Just another day of the fucking idiots that like to call themselves “college students”.

  1. I’m not your mother. I don’t give two hoots about your life and why it made you such an asshole. Just do your work and get it to me on time.

  2. Don’t come to me and ask me to “give” you ANYTHING! I don’t “Give” out grades. Believe it or not, you “earn” them! I don’t “give” 4.0s anymore than I “give” a failing grade.

  3. KNOCK IT OFF WITH THE PLAGERIZING!! I know you don’t believe this, but I’m pretty well read in my subject matter. If I don’t recognize work right away as a specific author I WILL look it up. It is blatantly obvious when you plagiarize because you are BARELY literate!

  4. Don’t come crying to me. I’m willing to let a little slide if a family member died, but if you think “I was hung over” is a good excuse you’re wrong!!

  5. Don’t come to my office hours with questions unless you actually know what they are! “I’m stuck” and “I don’t get it” are not concise enough. Come with a specific question and I will give you a specific answer. “I don’t get Chpts 4 through 17” is NOT a question is an acknowledgement of your stupidity.

  6. I am NOT a prospective date. I know that because I’m young and female you may THINK I am, but thinking is was got you into trouble in the first place. Besides, I don’t date prepubescent morons.

  7. You are NOT allowed ANY opinions until you are 21 or well read. Whichever comes first. I don’t want to hear ANY of your parents bullshit falling out of your mouth. IF you have an opinion, you had BEST be able to back it up with fact.

  8. A good sense of humor will go far. I’ve been known to give credit on tests when the answer was wrong, but made me laugh.

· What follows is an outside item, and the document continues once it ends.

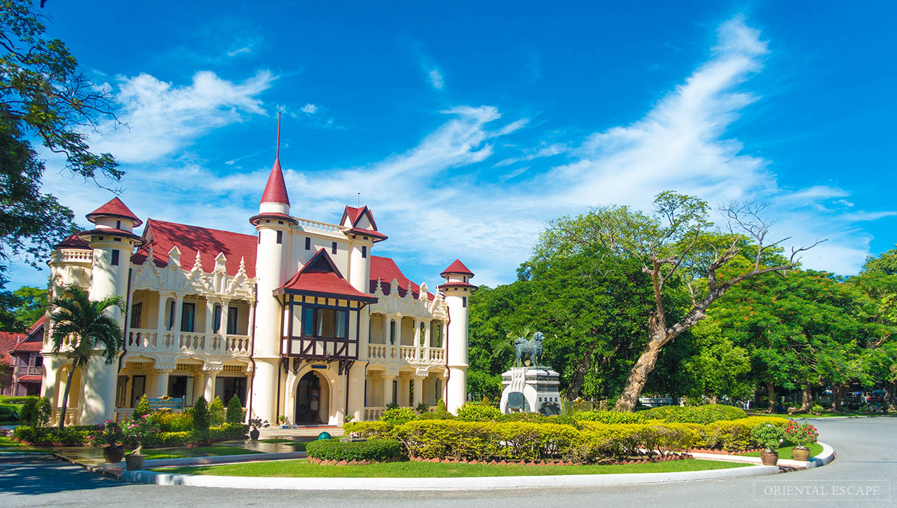 Sanam Chandra Palace This palace, located 2 kms. west of Phra Pathom Chedi, was constructed by the command of King Rama VI in the year 1907 when he was the Crown Prince. The compound occupies an area of 355 acres and houses a group of throne halls and pavilions with an elegant and unusual mixture of classical French, English Tudor and traditional Thai architecture. Most buildings are now used as government offices. The two buildings opened as attractions are Phra Tamnak Chali Mongkhon At, a Western style building with a statue of Ya-Le - the king's pet dog and Phra Tamnak Mari Ratchabanlang where King Rama VI's personal utensils, royal photographs, and writings are exhibited. Nearby a Thai-style house called Tamnak Thap Khwan once served as King Rama VI's temporary residence.

  9. I WILL fail you. It doesn’t bother me one bit. Therefore I don’t care if you: get thrown out of your sorority/frat, school, team, or family. REALLY!!

  10. Kiss my ass. It helps prepare you for the real world where you will have a boss.

Thank you.
Have a Nice Day


Not bad, not bad.

I give it a 4.5 (on a scale of 10) for a debut rant.

Good thing I am over 21 and well-read on one or two subjects, or my opinion wouldn’t count.
Welcome to the Pit, lady. I hope you enjoy your stay here. Some folks will respond to a pit thread when they don’t have anything bad to say and add
“Oh yeah, since this is the pit, fuck off!”
but not me.

I have never taught a class of people, so I can’t identify with your plight directly. I have been a student in a class or two, and I have noticed that more than half of my classmates are total shmucks. So I can see where you’re coming from, if you can but dig it.

We’re not all bad, are we? You’re just mad right? I am sure you have at least one good student, right?

Don’t make me come down there and ace your class, lady…

By the way, what class is it? What type of school?


I’m gonna C&P this and print it out and keep it for when I go to college =)

That sucks!! And here I thought I was doing SO well!

This is just a mid-semester rant. Wait until finals!!! Then I get the REAL beauties.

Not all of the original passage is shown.